Work required
Restate, exactly as written, the entries below from the line that holds "廣州市荔灣區教育局陳俊芳教授" through the line that holds "中國駐澳大利亞大使館舉行儀式". Pictures are not part of the copy.

====== Extracted data

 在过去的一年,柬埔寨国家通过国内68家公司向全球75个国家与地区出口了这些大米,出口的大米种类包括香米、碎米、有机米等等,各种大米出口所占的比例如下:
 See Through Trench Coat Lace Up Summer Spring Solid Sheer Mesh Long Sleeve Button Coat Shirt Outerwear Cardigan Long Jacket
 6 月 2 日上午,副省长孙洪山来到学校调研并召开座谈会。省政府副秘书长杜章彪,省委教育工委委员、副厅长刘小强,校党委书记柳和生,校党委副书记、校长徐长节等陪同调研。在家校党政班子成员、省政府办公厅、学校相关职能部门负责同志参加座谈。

============
====== Extracted data

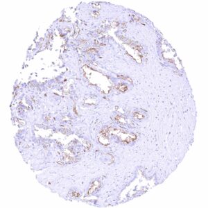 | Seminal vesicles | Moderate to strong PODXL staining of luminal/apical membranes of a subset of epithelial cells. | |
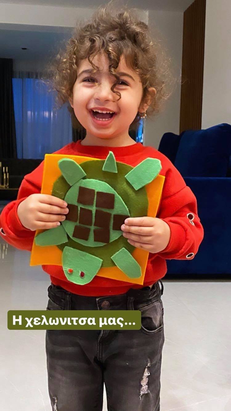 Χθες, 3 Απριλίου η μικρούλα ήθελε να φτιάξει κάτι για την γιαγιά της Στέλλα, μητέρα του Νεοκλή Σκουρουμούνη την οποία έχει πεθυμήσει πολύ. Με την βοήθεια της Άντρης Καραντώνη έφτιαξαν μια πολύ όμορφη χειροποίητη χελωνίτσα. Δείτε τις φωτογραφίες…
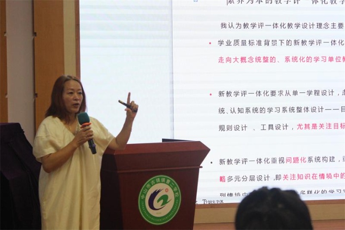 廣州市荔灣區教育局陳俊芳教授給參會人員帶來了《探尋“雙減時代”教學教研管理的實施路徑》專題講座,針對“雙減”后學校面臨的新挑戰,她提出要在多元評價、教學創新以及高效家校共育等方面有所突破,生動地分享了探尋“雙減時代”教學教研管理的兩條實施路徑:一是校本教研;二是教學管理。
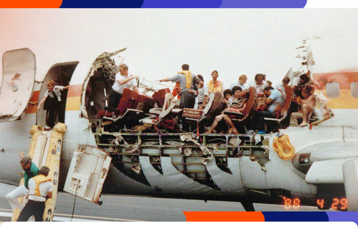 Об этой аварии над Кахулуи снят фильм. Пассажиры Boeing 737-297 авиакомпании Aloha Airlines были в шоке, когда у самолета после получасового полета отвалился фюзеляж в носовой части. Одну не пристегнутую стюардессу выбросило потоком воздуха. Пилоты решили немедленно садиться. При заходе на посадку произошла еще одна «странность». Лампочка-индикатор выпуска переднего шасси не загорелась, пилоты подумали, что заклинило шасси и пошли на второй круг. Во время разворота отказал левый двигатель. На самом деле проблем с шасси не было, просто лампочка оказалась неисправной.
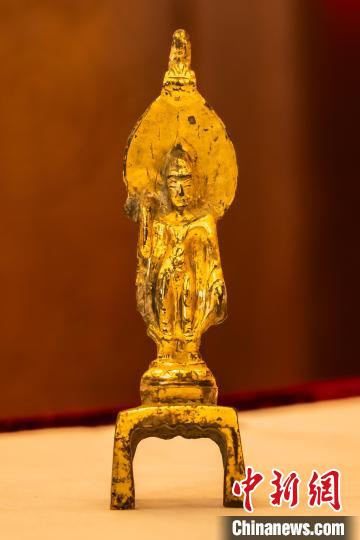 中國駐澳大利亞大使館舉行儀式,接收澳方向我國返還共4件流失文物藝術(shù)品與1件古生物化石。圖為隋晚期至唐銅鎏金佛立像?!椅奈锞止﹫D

============
====== Extracted data

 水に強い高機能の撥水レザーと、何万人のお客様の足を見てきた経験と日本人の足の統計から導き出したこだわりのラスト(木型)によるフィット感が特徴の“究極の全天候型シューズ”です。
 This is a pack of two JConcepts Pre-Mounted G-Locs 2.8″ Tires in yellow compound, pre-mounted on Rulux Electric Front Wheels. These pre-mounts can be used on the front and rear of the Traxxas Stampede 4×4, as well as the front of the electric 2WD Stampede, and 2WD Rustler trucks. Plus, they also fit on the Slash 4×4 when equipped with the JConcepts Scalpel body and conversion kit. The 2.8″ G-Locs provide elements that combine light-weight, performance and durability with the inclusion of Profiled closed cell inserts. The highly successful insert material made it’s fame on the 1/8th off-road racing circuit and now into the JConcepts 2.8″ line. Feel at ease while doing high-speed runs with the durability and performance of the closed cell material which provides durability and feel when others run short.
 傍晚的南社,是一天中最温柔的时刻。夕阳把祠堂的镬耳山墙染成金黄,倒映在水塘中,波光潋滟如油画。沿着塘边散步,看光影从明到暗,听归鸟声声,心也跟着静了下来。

============

Task result
 廣州市荔灣區教育局陳俊芳教授給參會人員帶來了《探尋“雙減時代”教學教研管理的實施路徑》專題講座,針對“雙減”后學校面臨的新挑戰,她提出要在多元評價、教學創新以及高效家校共育等方面有所突破,生動地分享了探尋“雙減時代”教學教研管理的兩條實施路徑:一是校本教研;二是教學管理。
 Об этой аварии над Кахулуи снят фильм. Пассажиры Boeing 737-297 авиакомпании Aloha Airlines были в шоке, когда у самолета после получасового полета отвалился фюзеляж в носовой части. Одну не пристегнутую стюардессу выбросило потоком воздуха. Пилоты решили немедленно садиться. При заходе на посадку произошла еще одна «странность». Лампочка-индикатор выпуска переднего шасси не загорелась, пилоты подумали, что заклинило шасси и пошли на второй круг. Во время разворота отказал левый двигатель. На самом деле проблем с шасси не было, просто лампочка оказалась неисправной.
 中國駐澳大利亞大使館舉行儀式,接收澳方向我國返還共4件流失文物藝術(shù)品與1件古生物化石。圖為隋晚期至唐銅鎏金佛立像?!椅奈锞止﹫D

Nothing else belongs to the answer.